I've not yet taken the time to really let people know what has been going on with me the past few months. I've eluded to it in my blog, on facebook and in messages to friends, but I've not really been too public about the nitty gritty. Not so much because I don't want people to know. More because we (myself and my medical team) really have not known. And until things become clear, I would rather not worry people. But, as is usual with these situations, it seems to be dragging on so I thought this would be a good time to give a bit of an update.
Last September, after tapering for months, I finally made it "off" prednisone. The first time since becoming ill in 2009. It was a horrible tapering with an even worse outcome. But I was determined to see what happened. I was determined to see if my body could figure things out on it's own. I wanted to know if I could "recover". Quite often when going off a medication, there is a period where things get worse before they get better. I wanted to know if this would be the case with steroids. Well, for me, it was not. I ended up creating an inflammation process, a kind of domino effect, where all of my tendons and muscles were affected. Wherever there was a tendon...I had tendonitis. I could barely walk. Then it crept into my muscle tissue, causing some rather serious conditions, mainly in my left shoulder. Of which I have had various treatments that have been unsuccessful.

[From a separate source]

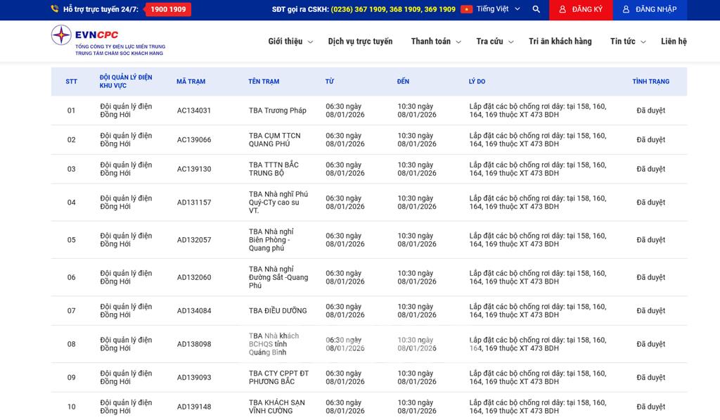 | 10 | Đội quản lý điện Đồпg Hới | AD139148 | TBA KHÁCH SẠN VĨNH CƯỜNG | 06:30 08/01/2026 | 10:30 08/01/2026 | Lắp đặt các bộ chống rơi dây: tại 158, 160, 164, 169 thuộc XT 473 BDH | Đã duyệt |

Then it began to affect me neurologically. My doctors immediately put me on higher doses of chemo and steroids. For those of you who understand the medication regimen, my cocktail consists of Cellcept, Methotrexate, Hydroxycholorquine, Prednisone and a host of other medications for symptomatic treatment. A total of 37 pills a day and weekly injections.
These symptoms are quite frightening. I began having weakness and numbness in both arms and legs. It then moved into my torso and my face. This was also accompanied by extreme nerve pain all over, but especially in my legs. Nerve pain that would immediately wake me up out of a deep sleep or prevent me from sleeping altogether. Some days better than others. Some days difficult to even stand upright. This, combined with all the tendon and muscle pain, the fatigue, the headaches, the GI problems - well, it became overwhelming. That's what led to the hospitalization in January. It is also what kicked off all the extensive testing, of which I am still doing.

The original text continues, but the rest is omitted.